Vol. 19 No 2 (2025): Je/ux d’enfants : autobiographie et littérature jeunesse
Édité par Arnaud Genon et Régine Battiston
L’écriture de soi est-elle conciliable avec la littérature de jeunesse ? La question peut sembler paradoxale, tant l’autobiographie théorisée par Philippe Lejeune a longtemps été pensée pour un public adulte. Peu de textes pour jeunes lecteurs relèvent ainsi du genre au sens strict du terme. Pourtant, la littérature de jeunesse multiplie les formes inspirées des écritures de soi – récits à la première personne, journaux intimes fictifs, romans épistolaires ou faux témoignages – qui visent à instaurer une proximité avec le lecteur. La subjectivité affichée crée une illusion d’authenticité, favorisant identification et empathie, tout en jouant sur les frontières entre fiction et vérité.
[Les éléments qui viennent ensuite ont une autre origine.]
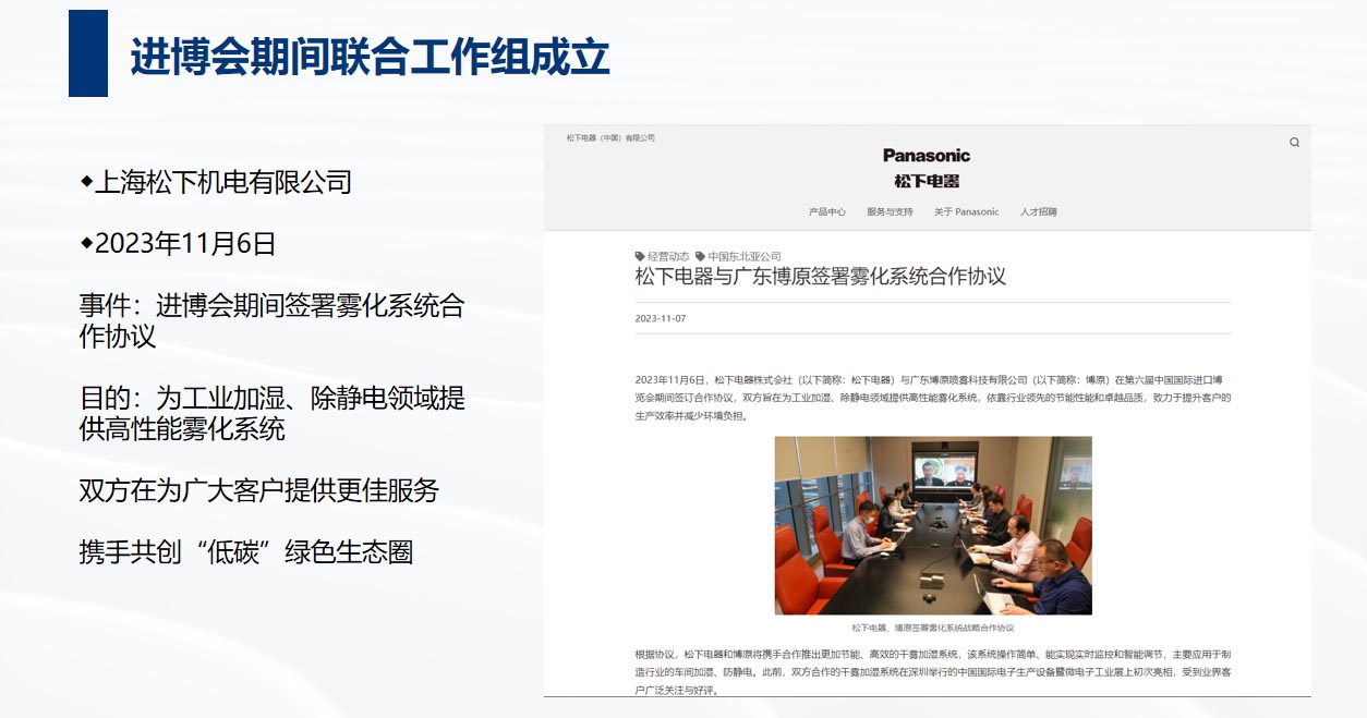 雙方于2023年簽訂MOU戰略合作協議,目前水霧項目穩定有序的開展,兩個SMT車間智能加濕項目完美落地,噴霧控制系統已實現國產化,后續雙方會持續優化產品及項目流程,為用戶提供更優質的服務。

Le « je » qui s’y exprime ne renvoie pas directement à l’auteur : il met en scène une voix narrative qui rejoue ou déjoue les codes autobiographiques à travers un jeu de masques, de dévoilements et de dissimulations. Ce « je » partiellement ou faussement autobiographique devient alors un outil pour explorer fractures identitaires, tensions culturelles ou blessures intimes, mais aussi pour dire la violence familiale ou sociale et esquisser des parcours de résilience. En ce sens, la fiction autobiographique ouvre un espace de parole et de reconnaissance, tout en initiant les jeunes lecteurs à la complexité du rapport entre mémoire, imagination et vérité de soi.